Premium: The Hater's Guide To The SaaSpocalypse

Ed Zitron 49 min read
Table of Contents

Soundtrack: The Dillinger Escape Plan — Black Bubblegum


To understand the AI bubble, you need to understand the context in which it sits, and that larger context is the end of the hyper-growth era in software that I call the Rot-Com Bubble

Generative AI, at first, appeared to be the panacea — a way to create new products for software companies to sell (by connecting their software to model APIs), a way to sell the infrastructure to run it, and a way to create a new crop of startups that could be bought or sold or taken public. 

Venture capital hit a wall in 2018 — vintages after that year are, for the most part, are stuck at a TVPI (total value paid in, basically the money you make for each dollar you invested) of 0.8x to 1.2x, meaning that you’re making somewhere between 80 cents to $1.20 for every dollar.

Before 2018, Software As A Service (SaaS) companies had had an incredible run of growth, and it appeared basically any industry could have a massive hypergrowth SaaS company, at least in theory. As a result, venture capital and private equity has spent years piling into SaaS companies, because they all had very straightforward growth stories and replicable, reliable, and recurring revenue streams. 

Between 2018 and 2022, 30% to 40% of private equity deals (as I’ll talk about later) were in software companies, with firms taking on debt to buy them and then lending them money in the hopes that they’d all become the next Salesforce, even if none of them will. Even VC remains SaaS-obsessed — for example, about 33% of venture funding went into SaaS in Q3 2025, per Carta.

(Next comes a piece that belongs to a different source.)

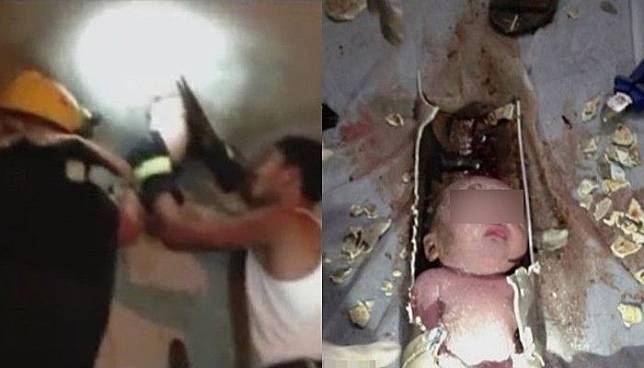 Dengan hati-hati polisi membongkar pipa tersebut dan setelah berhasil membukanya, mereka menemukan sesosok bayi yang terselip di dalam pipa ini.

The Zero Interest Rate Policy (ZIRP) era drove private equity into fits of SaaS madness, with SaaS PE acquisitions hitting $250bn in 2021. Too much easy access to debt and too many Business Idiots believing that every single software company would grow in perpetuity led to the accumulation of some of the most-overvalued software companies in history.

As the years have gone by, things slowed down, and now private equity is stuck with tens of billions of dollars of zombie SaaS companies that it can’t take public or sell to anybody else, their values decaying far below what they had paid, which is a very big problem when most of these deals were paid in debt. 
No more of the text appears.